PROBLEM >> Only some lines are wanted. Transcribe, exactly, the lines below from the line with "Shingle Roof, Stoop" up to and including the line with "一个网友在西贝的文章下留言说,好赞的营销,如此巧妙的让受众更了解西贝。".

DATA IN THIS EXERCISE >>
BEGIN

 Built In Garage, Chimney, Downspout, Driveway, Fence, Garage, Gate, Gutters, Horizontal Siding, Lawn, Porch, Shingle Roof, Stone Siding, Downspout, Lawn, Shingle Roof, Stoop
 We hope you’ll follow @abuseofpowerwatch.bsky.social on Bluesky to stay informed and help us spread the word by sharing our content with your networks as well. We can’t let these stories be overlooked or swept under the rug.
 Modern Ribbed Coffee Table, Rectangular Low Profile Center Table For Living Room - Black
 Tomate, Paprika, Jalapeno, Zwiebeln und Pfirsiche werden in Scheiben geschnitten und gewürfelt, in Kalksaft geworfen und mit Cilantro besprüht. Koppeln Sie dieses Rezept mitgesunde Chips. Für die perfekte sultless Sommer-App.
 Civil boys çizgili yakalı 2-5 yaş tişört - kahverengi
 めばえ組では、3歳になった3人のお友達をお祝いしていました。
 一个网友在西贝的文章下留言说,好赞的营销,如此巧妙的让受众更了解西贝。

END
BEGIN

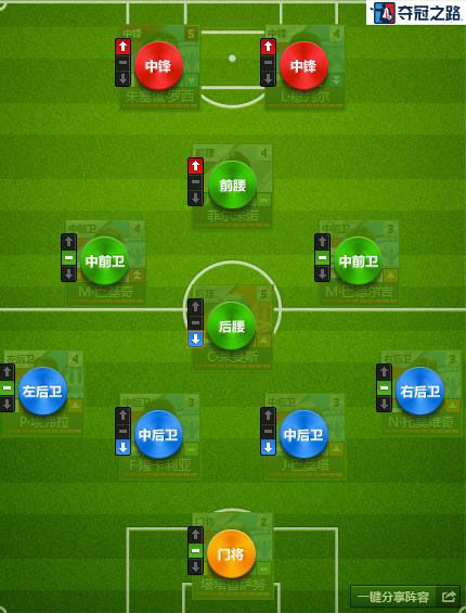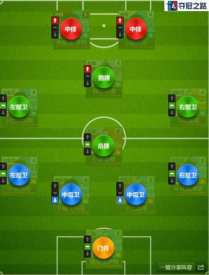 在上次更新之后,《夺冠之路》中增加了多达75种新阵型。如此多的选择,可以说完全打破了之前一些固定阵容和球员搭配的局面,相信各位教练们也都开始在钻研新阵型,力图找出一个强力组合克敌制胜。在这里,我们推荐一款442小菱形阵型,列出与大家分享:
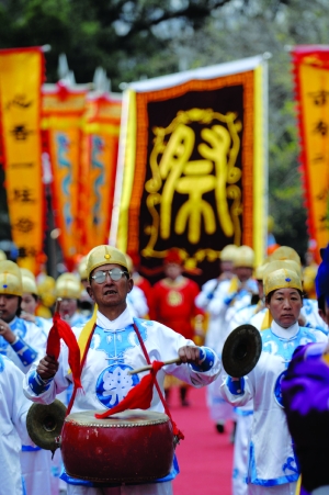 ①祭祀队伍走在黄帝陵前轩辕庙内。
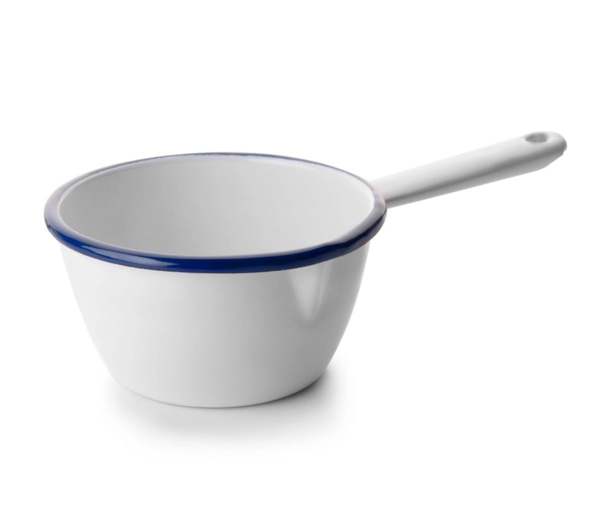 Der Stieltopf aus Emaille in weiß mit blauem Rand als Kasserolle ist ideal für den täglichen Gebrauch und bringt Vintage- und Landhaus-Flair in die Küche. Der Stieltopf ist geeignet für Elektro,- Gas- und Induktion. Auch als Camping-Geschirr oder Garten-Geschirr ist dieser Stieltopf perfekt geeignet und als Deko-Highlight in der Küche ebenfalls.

END
BEGIN

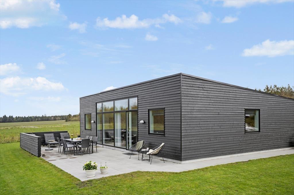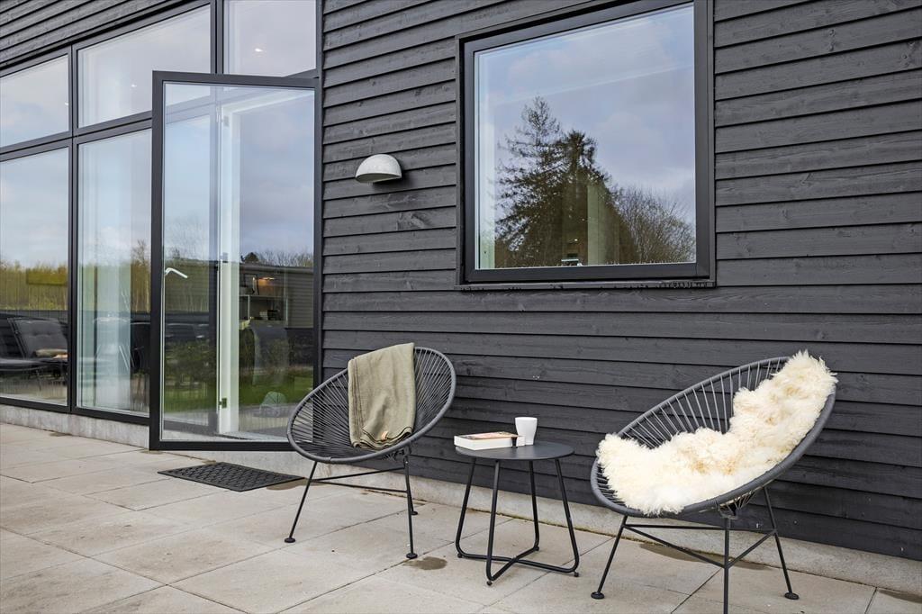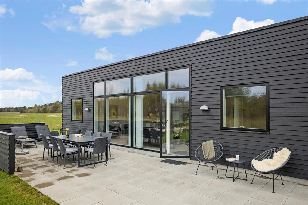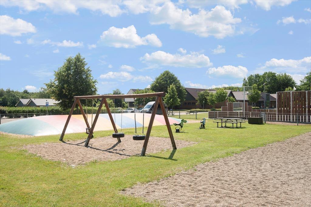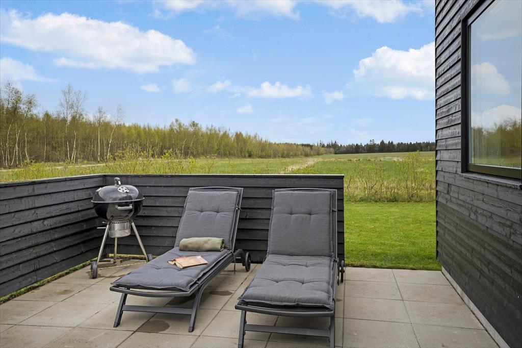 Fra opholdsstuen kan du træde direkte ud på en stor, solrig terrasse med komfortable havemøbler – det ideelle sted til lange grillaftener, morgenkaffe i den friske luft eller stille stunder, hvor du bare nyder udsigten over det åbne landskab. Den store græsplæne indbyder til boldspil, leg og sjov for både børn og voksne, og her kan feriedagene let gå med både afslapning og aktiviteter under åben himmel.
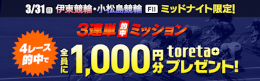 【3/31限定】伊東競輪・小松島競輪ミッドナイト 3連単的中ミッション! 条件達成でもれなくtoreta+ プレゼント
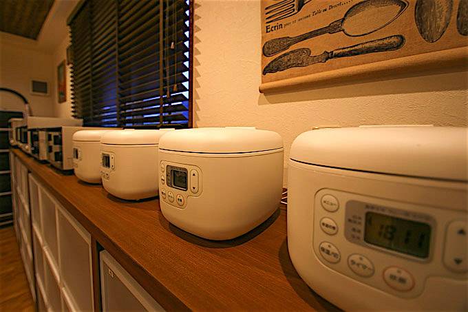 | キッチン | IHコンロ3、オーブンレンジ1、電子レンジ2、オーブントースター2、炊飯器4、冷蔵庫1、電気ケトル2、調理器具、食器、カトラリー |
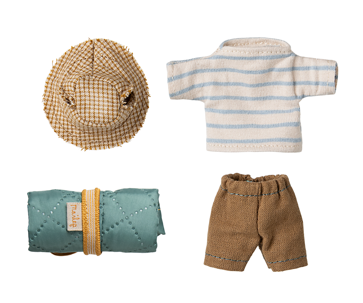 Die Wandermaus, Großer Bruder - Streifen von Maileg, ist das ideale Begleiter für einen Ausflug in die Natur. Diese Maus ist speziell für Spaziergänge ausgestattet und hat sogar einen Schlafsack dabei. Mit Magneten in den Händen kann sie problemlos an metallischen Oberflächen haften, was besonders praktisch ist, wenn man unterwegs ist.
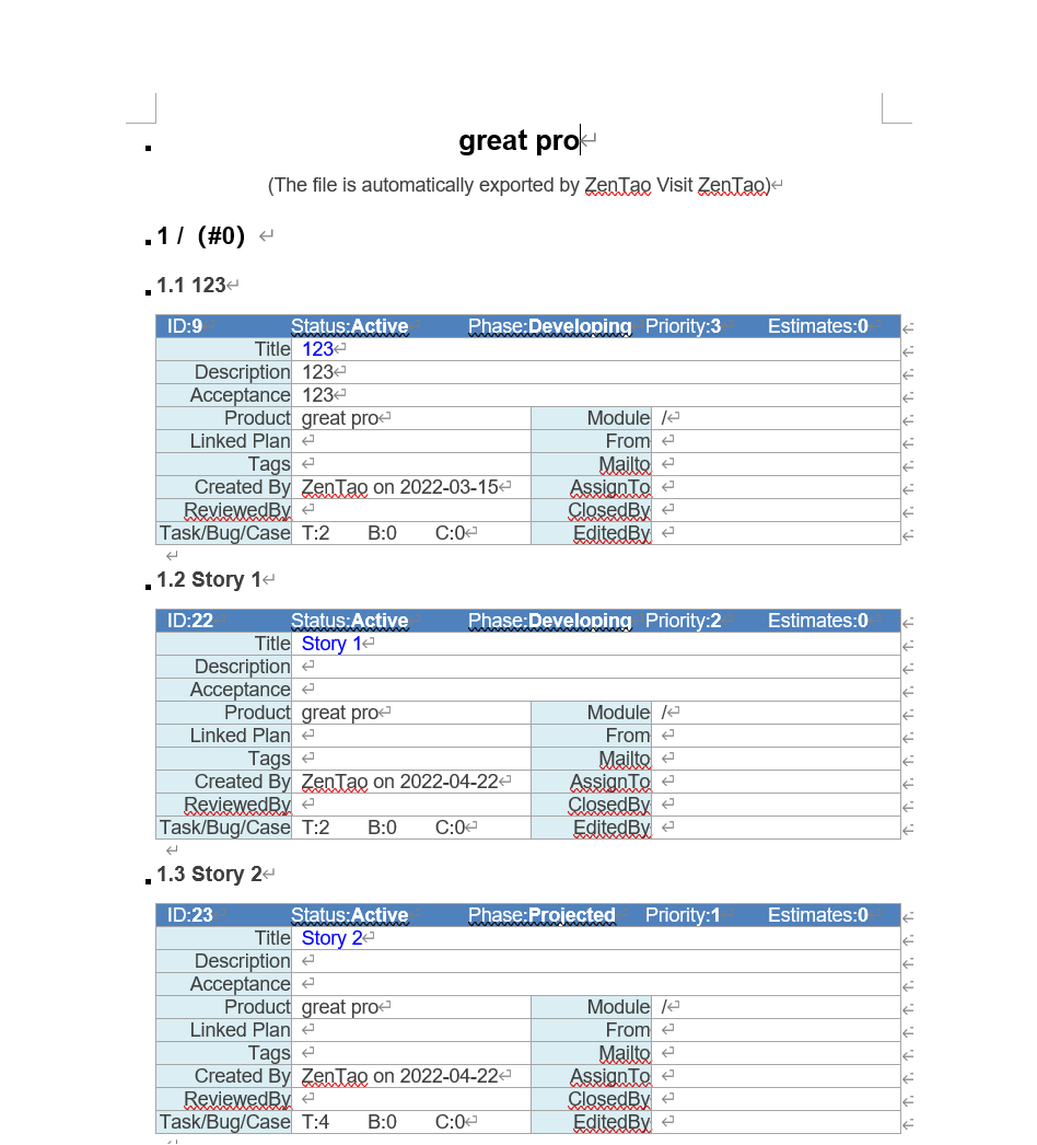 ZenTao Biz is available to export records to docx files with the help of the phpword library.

END

THE COMPLETED TASK >>
 Built In Garage, Chimney, Downspout, Driveway, Fence, Garage, Gate, Gutters, Horizontal Siding, Lawn, Porch, Shingle Roof, Stone Siding, Downspout, Lawn, Shingle Roof, Stoop
 We hope you’ll follow @abuseofpowerwatch.bsky.social on Bluesky to stay informed and help us spread the word by sharing our content with your networks as well. We can’t let these stories be overlooked or swept under the rug.
 Modern Ribbed Coffee Table, Rectangular Low Profile Center Table For Living Room - Black
 Tomate, Paprika, Jalapeno, Zwiebeln und Pfirsiche werden in Scheiben geschnitten und gewürfelt, in Kalksaft geworfen und mit Cilantro besprüht. Koppeln Sie dieses Rezept mitgesunde Chips. Für die perfekte sultless Sommer-App.
 Civil boys çizgili yakalı 2-5 yaş tişört - kahverengi
 めばえ組では、3歳になった3人のお友達をお祝いしていました。
 一个网友在西贝的文章下留言说,好赞的营销,如此巧妙的让受众更了解西贝。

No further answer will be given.